Work to be completed: Your answer must be an exact copy of the lines below, from the first through the one with "Light pink T-shirt", with no pictures.
[[ Provided material, beginning ]]
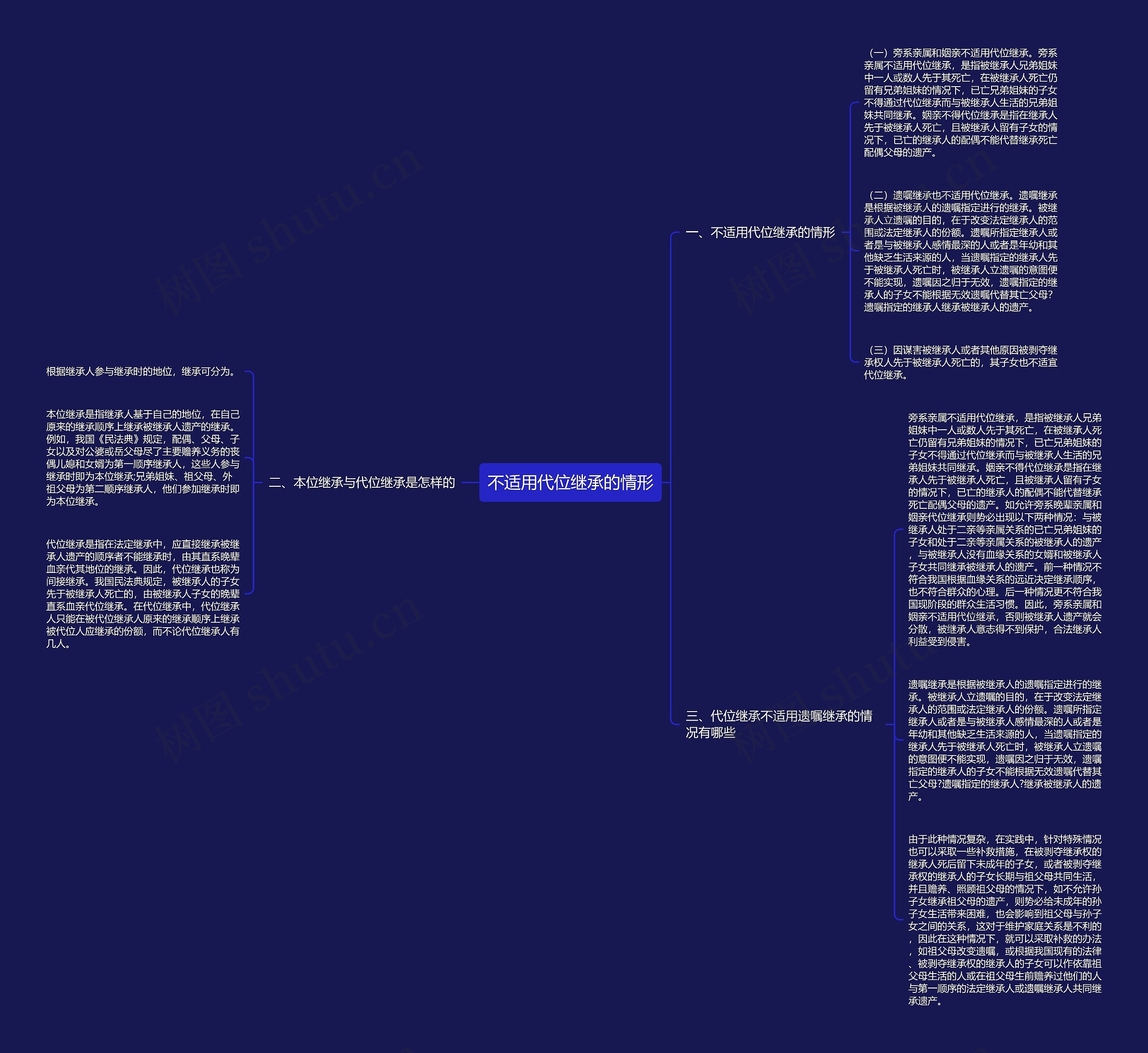 旁系亲属不适用代位继承,是指被继承人兄弟姐妹中一人或数人先于其死亡,在被继承人死亡仍留有兄弟姐妹的情况下,已亡兄弟姐妹的子女不得通过代位继承而与被继承人生活的兄弟姐妹共同继承。姻亲不得代位继承是指在继承人先于被继承人死亡,且被继承人留有子女的情况下,已亡的继承人的配偶不能代替继承死亡配偶父母的遗产。如允许旁系晚辈亲属和姻亲代位继承则势必出现以下两种情况:与被继承人处于二亲等亲属关系的已亡兄弟姐妹的子女和处于二亲等亲属关系的被继承人的遗产,与被继承人没有血缘关系的女婿和被继承人子女共同继承被继承人的遗产。前一种情况不符合我国根据血缘关系的远近决定继承顺序,也不符合群众的心理。后一种情况更不符合我国现阶段的群众生活习惯。因此,旁系亲属和姻亲不适用代位继承,否则被继承人遗产就会分散,被继承人意志得不到保护,合法继承人利益受到侵害。
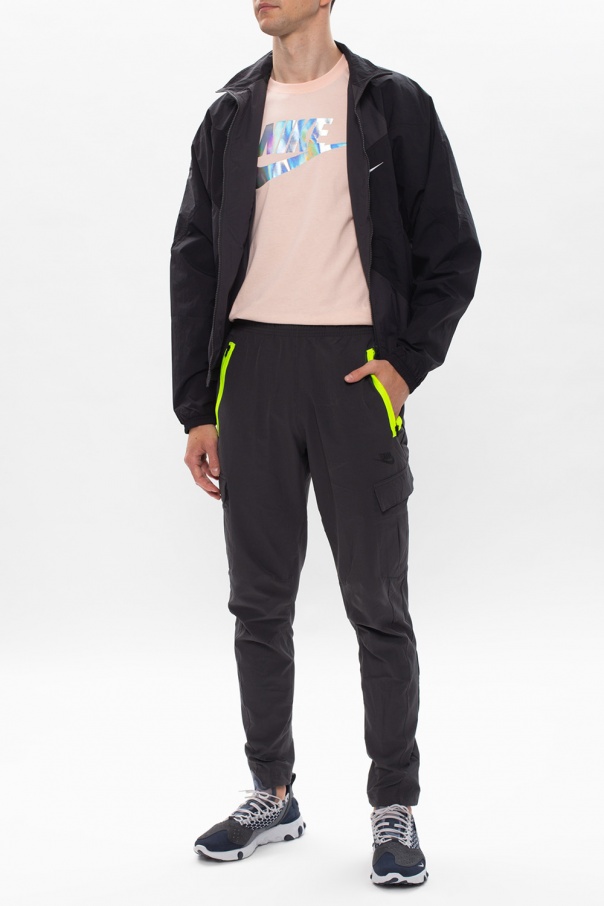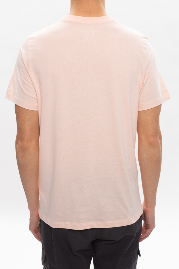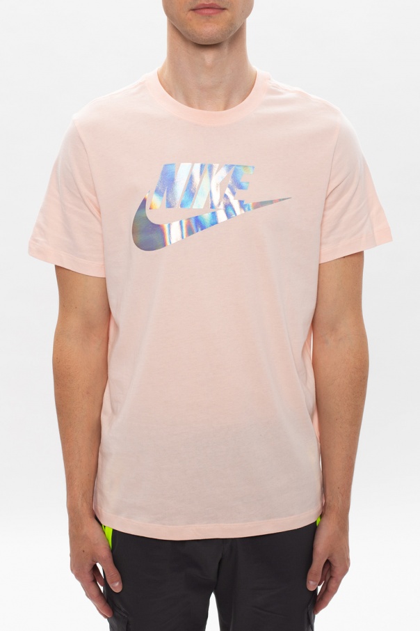 Light pink T-shirt from Nike. Made of cotton. Logo print with a holographic effect on the front. Round neck. Short sleeves.
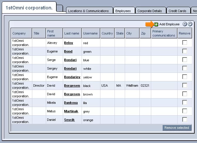 Employee Professional:Upon selecting an employee from the company's listing, you will be presented with the employee's professional profile. The tabs included within this section are pretty much the same as those included within the Contacts tab, including Locations & Communications, Credit Cards, Notes, and Login Settings. The only difference is that there is now a tab labeled "Work Details," in place of the "Personal Details" and "Family Members" tabs, displaying only information that relates to the contact as an employee of the company in question, as indicated by the office building icon in the upper-left hand corner of the screen and the company name in the drop-down menu next to the name of the employee. In order to access the personal contact details of the employee, simply click on the icon depicting two faces to the right of the company name (as indicated in the picture below).
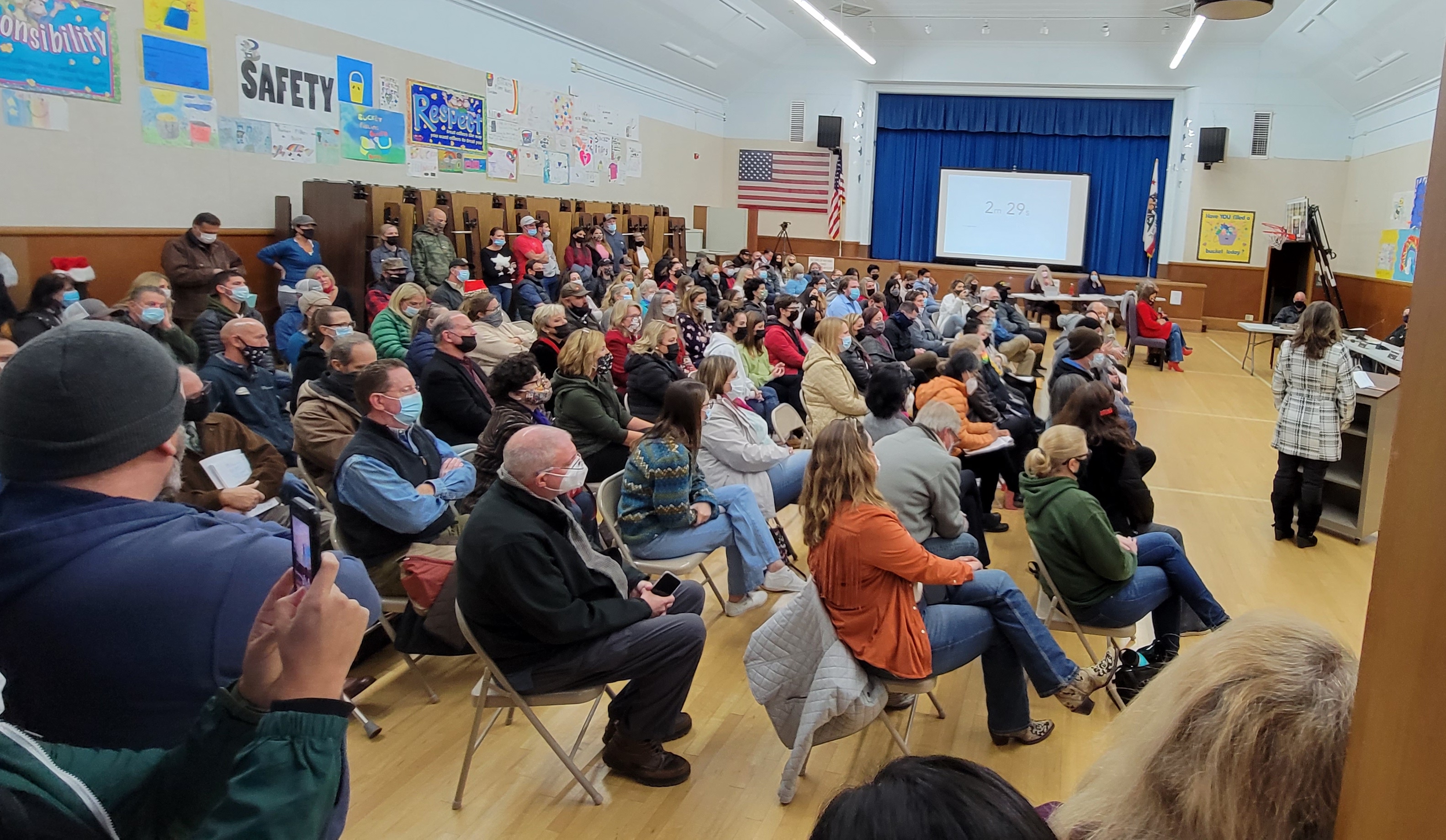 A crowd of more than 150 people packed a school board meeting in Salinas, Calif., on Dec. 15, 2021. (Courtesy of Josey Schenkoske)
[[ Provided material, end ]]
Solution to the exercise:
 旁系亲属不适用代位继承,是指被继承人兄弟姐妹中一人或数人先于其死亡,在被继承人死亡仍留有兄弟姐妹的情况下,已亡兄弟姐妹的子女不得通过代位继承而与被继承人生活的兄弟姐妹共同继承。姻亲不得代位继承是指在继承人先于被继承人死亡,且被继承人留有子女的情况下,已亡的继承人的配偶不能代替继承死亡配偶父母的遗产。如允许旁系晚辈亲属和姻亲代位继承则势必出现以下两种情况:与被继承人处于二亲等亲属关系的已亡兄弟姐妹的子女和处于二亲等亲属关系的被继承人的遗产,与被继承人没有血缘关系的女婿和被继承人子女共同继承被继承人的遗产。前一种情况不符合我国根据血缘关系的远近决定继承顺序,也不符合群众的心理。后一种情况更不符合我国现阶段的群众生活习惯。因此,旁系亲属和姻亲不适用代位继承,否则被继承人遗产就会分散,被继承人意志得不到保护,合法继承人利益受到侵害。
 Light pink T-shirt from Nike. Made of cotton. Logo print with a holographic effect on the front. Round neck. Short sleeves.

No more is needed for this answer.